基于偏振信息图像增强的多目标检测

偏振是光的重要特性之一，偏振成像技术能够获取场景中目标的强度信息和偏振信息，偏振信息能够反映出目标物体表面的材质特征。本文针对雾霾天气状况下道路场景中常见目标识别结果的准确性要求，提出了两种基于偏振信息的图像增强方案。首先经过多次采集实验，经过数据清洗、图像标注构建偏振数据集，共4 649张图像和31 877个标签。针对雾霾轻度污染的场景，通过区域自动生长算法分割出偏振强度图像中的天空区域，根据天空区域的偏振度和偏振角信息以及大气物理散射模型反演出目标反射光，从而实现图像去雾。针对雾霾重度污染的场景，使用小波变换的方式对图像进行增强，利用偏振度图像来增强强度图像中的目标轮廓。使用图像灰度方差和图像信息熵作为图像质量评价指标，使用YOLO v5s深度学习网络进行目标检测。实验结果表明，雾霾轻度污染的情况下，图像质量和目标检测准确性均有所提升，图像信息熵提升了3.36%,灰度方差提升了40.27%,目标检测mAP达到了76.40%,提升了12.69%;雾霾重度污染的情况下，目标检测mAP提升约1.69%。

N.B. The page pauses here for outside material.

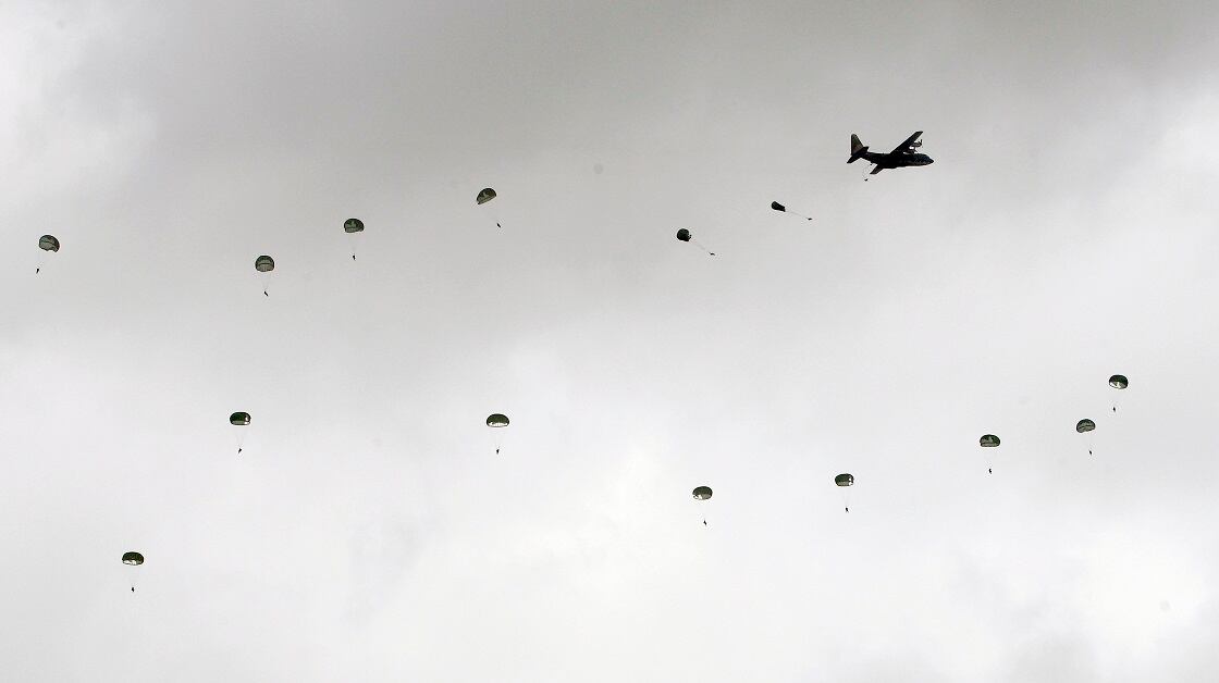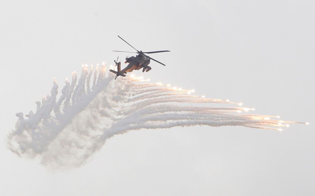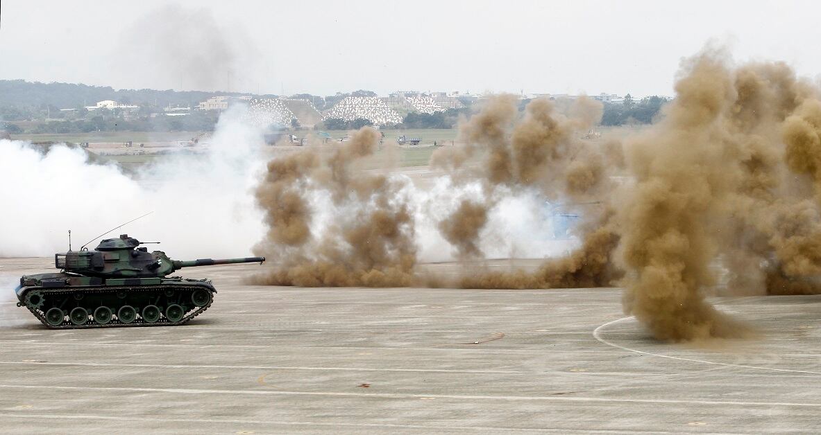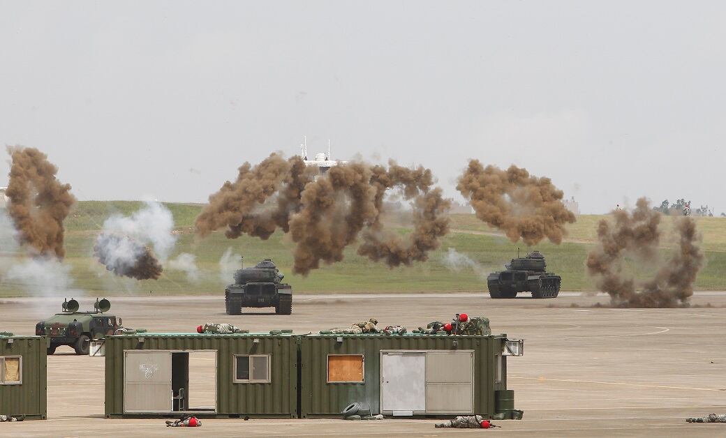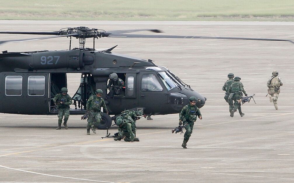 Simulating an invasion from China, Taiwanese special forces soldiers practice hand-to-hand combat during the annual Han Kuang exercises at an air base in Taichung County, Taiwan, on June 7, 2018. (Chiang Ying-ying/AP)Tanks perform drills amid heavy smoke during the Han Kuang exercises at an air base in Taiwan. Taiwan's war games are intended to display the military’s willingness and ability to fight off an invasion from China. (Chiang Ying-ying/AP)Taiwanese pilots fly American-made UH-60 Black Hawk helicopters over the annual Han Kuang war games. (Chiang Ying-ying/AP)Flares launch from a Taiwanese AH-1W Cobra attack helicopter during exercises at an air base in Taichung County, Taiwan, on June 7, 2018. (Chiang Ying-ying/AP)A pair of F-16 fighter jets display the readiness of the Taiwanese Air Force while launching flares above the Han Kuang exercises in Taiwan. Shortly before the drills began, an F-16 crashed into mountains in northern Taiwan, killing the pilot. (Chiang Ying-ying/AP)A Taiwanese tank advances while leading ground forces exercises at an air base in Taichung County, Taiwan. (Chiang Ying-ying/AP)Taiwanese airborne soldiers dot the sky as they deploy from a C-130 Hercules cargo plane. The exercise at the sprawling Ching Chuan Kang force base near the central city of Taichung was part of an annual five-day live-fire exercise featuring joint operations of the Air Force, Navy and ground forces. (Chiang Ying-ying/AP)A Taiwanese special forces unit exits a UH-60 Black Hawk helicopter during the annual Han Kuang exercises at an air base in Taichung County, Taiwan. (Chiang Ying-ying/AP)Preparing for the possibility of hostilities, tanks from Taiwan's military take part in the annual Han Kuang exercises at an air base in Taichung County, Taiwan, on June 7, 2018. (Chiang Ying-ying/AP)

Multi-object detection based on polarization information image enhancement

Polarization is one of the important characteristics of light. Polarization imaging technology can obtain the intensity information and polarization information of the target in the scene. Polarization information can reflect the material characteristics of the target surface. In this paper, two image enhancement schemes based on polarization information are proposed to meet the accuracy requirements of common target recognition results in road scenes under haze weather conditions. First of all, the polarization data set is constructed through multiple acquisition experiments, data cleaning and image labeling, with a total of 4 649 images and 31 877 tags. For the scene with slight haze pollution, the sky region in the polarization intensity image is segmented by the region automatic growth algorithm, and the reflected light of the target is reversely generated according to the polarization degree and polarization angle information of the sky region and the atmospheric physical scattering model, so as to realize the image defogging. For the heavily polluted scene of haze, wavelet transform is used to enhance the image, and the degree of polarization image is used to enhance the target contour in the intensity image. The image gray variance and image information entropy are used as image quality evaluation indicators, and the YOLO v5s deep learning network is used for object detection. The results show that in the case of light haze pollution, the image quality and object detection accuracy have been improved, the image information entropy has increased by 3. 36%, the gray variance has increased by 40. 27%, and the object detection mAP has reached 76. 40%, increased by 12. 69%. In the case of heavy smog pollution, the object detection mAP increased by about 1. 69%.